## [Task goal]
Lines from the one with "ポケモン風あだ名 | 『ゴオチュウ』『ゴーオイ』 |" up to and including the one with "Dom mieszkalny, jednorodzinny, przeznaczony" are to be copied exactly from the records below, without their pictures.

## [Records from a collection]
● ● ● ●

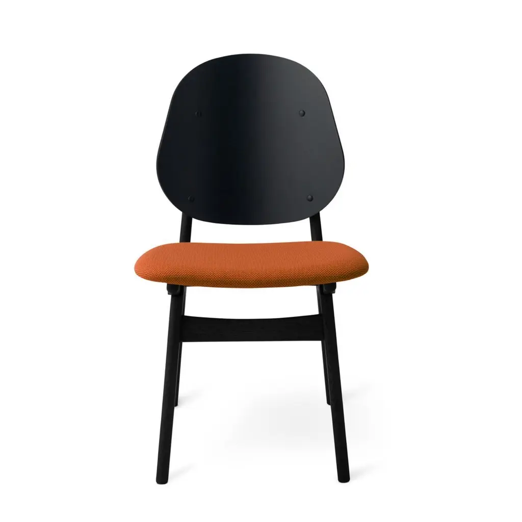 Noble chair black lacquered beech terracotta by Warm NordicDimensions: D55 x W47 x H 85 cmMaterial: Black lacquered solid beech, Veneer seat and back, Textile upholstery.Weight: 7.5 kgAlso available in different colours and finishes.An elegant and 'noble' designer chair created in the 1950s by the acclaimed furniture designer, Arne Hovmand-Olsen. The Noble dining chair is a classic beauty that transports the craftsmanship and aesthetics of Danish modernism into the contemporary dining room or sociable kitchen. Noble's high back and its distinctive details highlight the beautiful qualities of the wood. The seat of the chair is available in upholstery or leather, each of which in its own way harmonises with the noble wood, underscoring the timeless appearance of the Danish-manufactured dining chair. Choose from several different exclusive furnishing fabrics from the likes of Kvadrat in carefully selected shades from the Warm Nordic universe, or the highest quality black or natural leather. The frame is available in several exclusive types of wood with various classic surface treatments and colour expressions.Warm Nordic is an ambitious design brand anchored in Nordic design history and with a timeless, aesthetic style that inspires you to appreciate the little things in life. The company is the result of several years’ intense work on developing a new design brand with design history, quality and personality at its core. Warm Nordic boasts a colourful and charming universe of furniture, lamps and accessories full of personality. Our designs encapsulate the Nordic spirit, which in its essence is timeless, inclusive and warm.
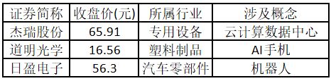 另外,连板数前5的涨停股中,有2只属于AI手机概念股,其中道明光学更是5连板股价创出历史新高。
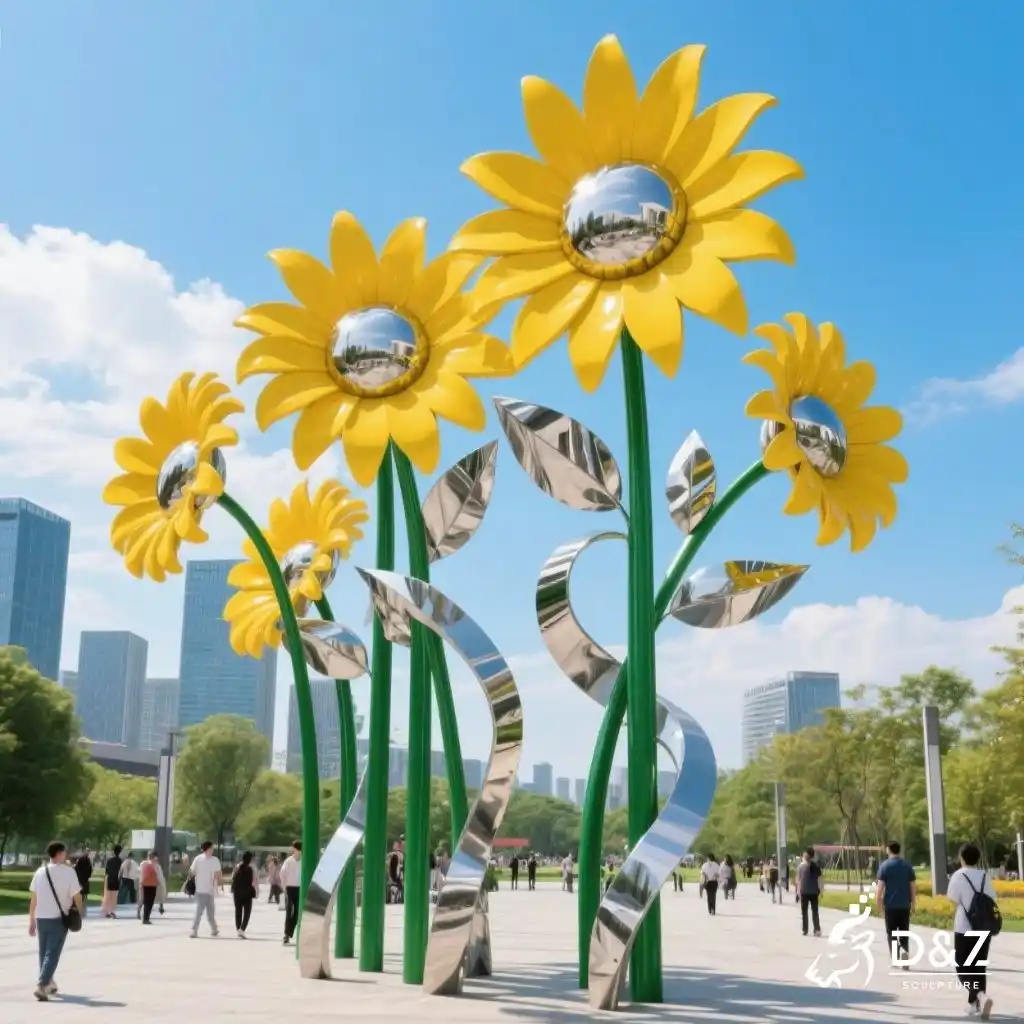 At D&Z Art Sculpture, we transform nature into bold, modern expressions. This flower sculpture series is designed to evoke emotional responses and encourage community interaction. The sunflower theme is part of our broader flower sculpture art collection, which includes tulips, daisy sculptures, and abstract floral forms.
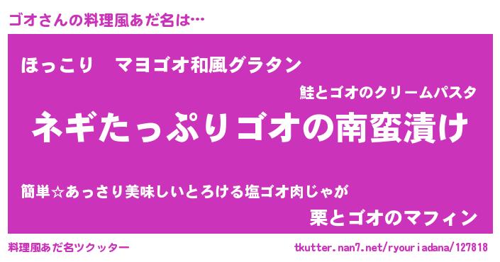 | ポケモン風あだ名 | 『ゴオチュウ』『ゴーオイ』 |
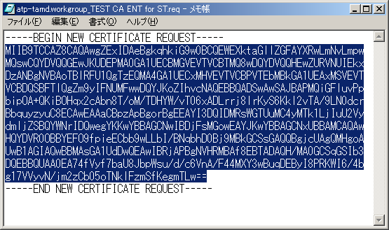 17. 証明書サービスを使用した証明書要求の送信に従って、証明書を要求します。エンコード証明書要求は2手順前のファイルの内容です。
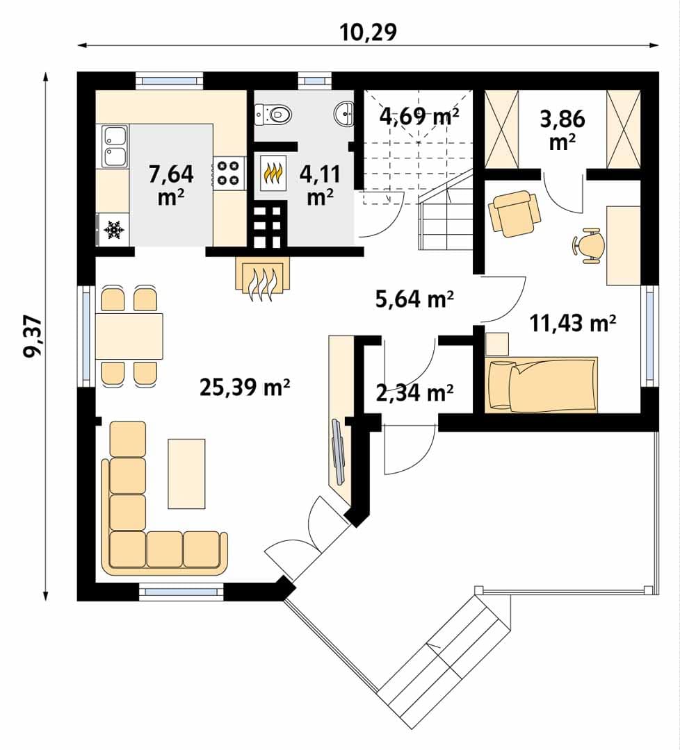 Dom mieszkalny, jednorodzinny, przeznaczony dla 4-osobowej rodziny. Na parterze zaprojektowano część dzienną wraz z pokojem gościnnym. Na poddaszu znajdują się trzy sypialnie z garderobami.Konstrukcja
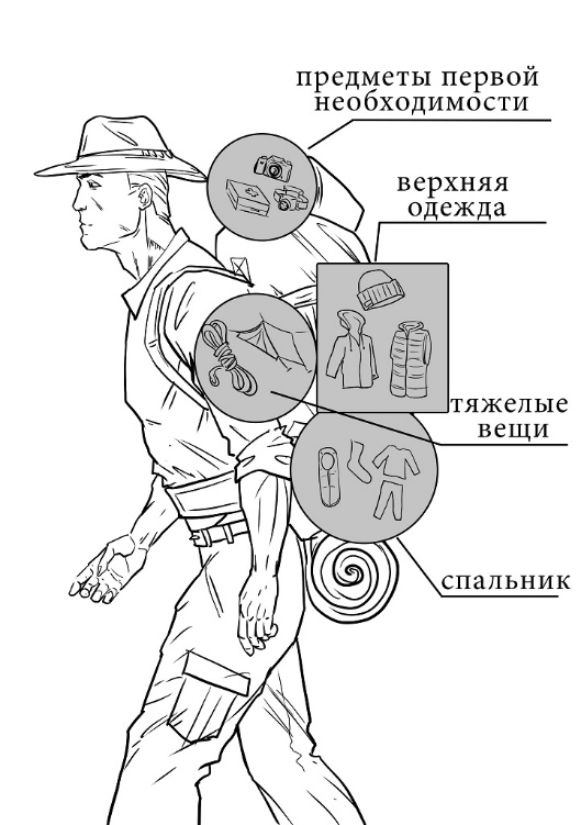 Укладка рюкзака: верхняя часть рюкзака (клапан) удобна для вещей, часто используемых и хрупких: аптечка, фотоаппарат, фонарик, средства гигиены; в верхней части рюкзака расположите вещи, которые могут понадобиться в течение дня: флиска, пуховка, накидка; по центру спины кладите тяжёлые вещи: горелку, еду, палатку; внизу рюкзака – спальник и лёгкие вещи. Коврик (каримат) скручивается и цепляется снизу или сбоку рюкзака, но не внутрь его, так как он занимает значительный объём. Независимо от продолжительности путешествия в походном рюкзаке обязательно должен быть базовый необходимый набор вещей: налобный фонарь, дождевик/плащ/накидка/пончо для вас и для рюкзака, фляга/кружка, то есть ёмкость для переноса и кипячения воды, ремнабор (иголка, нитки, армированный скотч, многофункциональный нож-инструмент), спички в непромокаемой упаковке, аптечка. Этот необходимый минимум и его нельзя никоим образом игнорировать. Дополнительно желательно иметь аварийный набор: большой полиэтиленовый пакет или “гермомешок”, изотермическое (космическое) одеяло, дополнительный полностью заряженный аккумулятор и/или батарейки для телефона, навигатора и/или рации, ручка с блокнотом, несколько высококалорийных батончиков, предметы личной гигиены, “паракорд” (моток верёвки), сухое горючее, сигнальный свисток, компас с лупой.

● ● ● ●

## [Answer box]
 | ポケモン風あだ名 | 『ゴオチュウ』『ゴーオイ』 |
 17. 証明書サービスを使用した証明書要求の送信に従って、証明書を要求します。エンコード証明書要求は2手順前のファイルの内容です。
 Dom mieszkalny, jednorodzinny, przeznaczony dla 4-osobowej rodziny. Na parterze zaprojektowano część dzienną wraz z pokojem gościnnym. Na poddaszu znajdują się trzy sypialnie z garderobami.Konstrukcja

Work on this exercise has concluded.